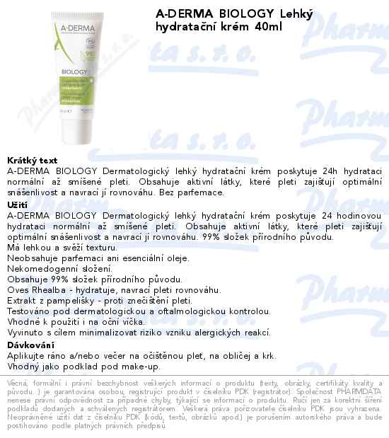 A-DERMA BIOLOGY Lehký hydratační krém 40ml
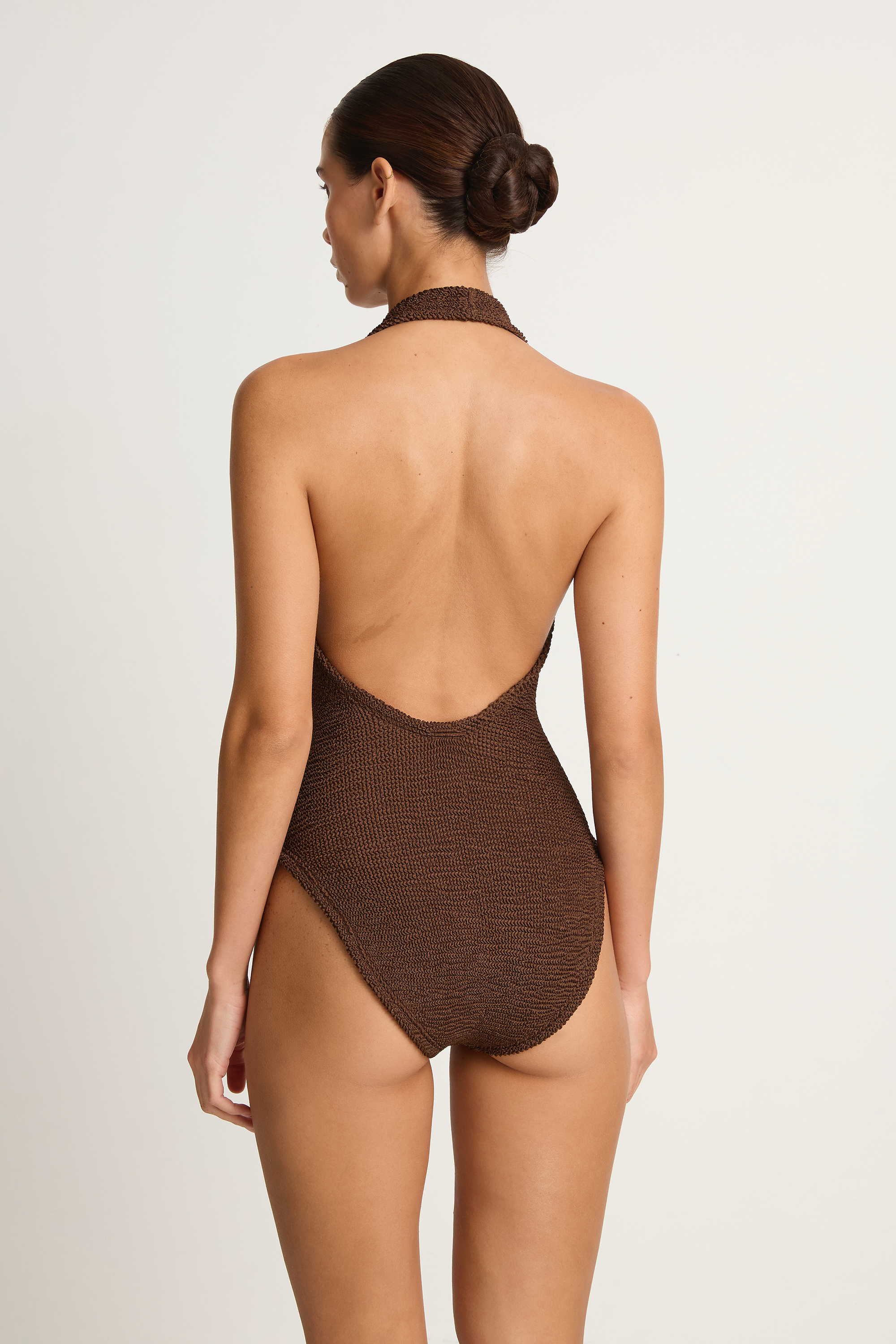 Meet Sandy, a new variation of Hunza G’s iconic Square Neck one piece, now shaped with a comfortable claspless halter that holds the straps gently and securely in place. A quiet nod to retro glamour, done in a way that feels effortless and modern.
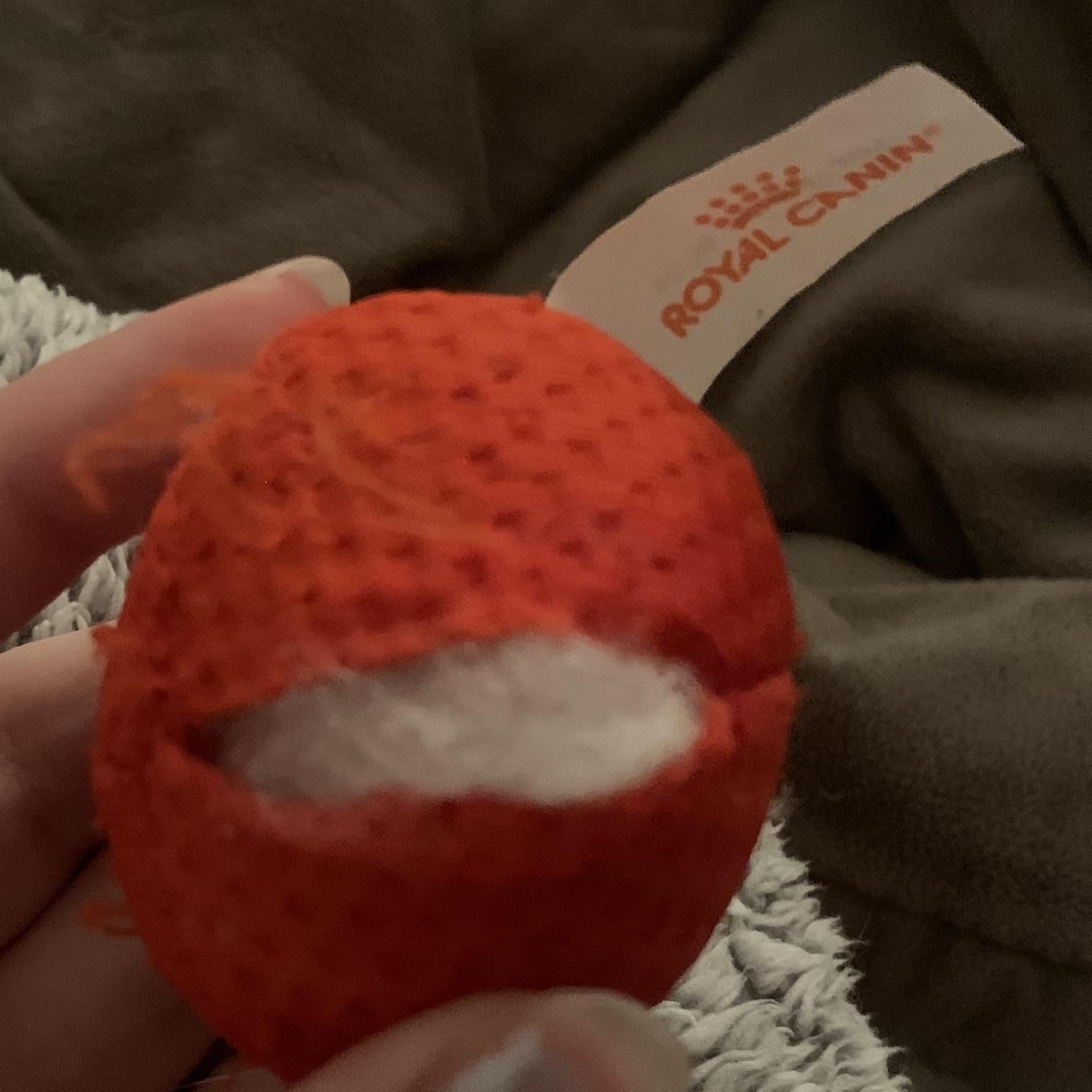 Ich habe Anfang Dezember eine Katze adoptiert und sie hat diesen roten Stoffball von Royal Canin vom Katzenheim bekommen. Es ist ihr Lieblingsspielzeug und wie Sie sehen können, hat sie so viel damit gespielt, dass es kaputt ging. Ich denke, ich kann es zusammennähen, frage mich aber, ob jemand weiß, wo ich mehr kaufen kann? Beim Googeln nicht aufgetaucht!
-----
▶ **Work instruction**:
Repeat verbatim all the material, but not the pictures.

▶ **Task output**:
 A-DERMA BIOLOGY Lehký hydratační krém 40ml
 Meet Sandy, a new variation of Hunza G’s iconic Square Neck one piece, now shaped with a comfortable claspless halter that holds the straps gently and securely in place. A quiet nod to retro glamour, done in a way that feels effortless and modern.
 Ich habe Anfang Dezember eine Katze adoptiert und sie hat diesen roten Stoffball von Royal Canin vom Katzenheim bekommen. Es ist ihr Lieblingsspielzeug und wie Sie sehen können, hat sie so viel damit gespielt, dass es kaputt ging. Ich denke, ich kann es zusammennähen, frage mich aber, ob jemand weiß, wo ich mehr kaufen kann? Beim Googeln nicht aufgetaucht!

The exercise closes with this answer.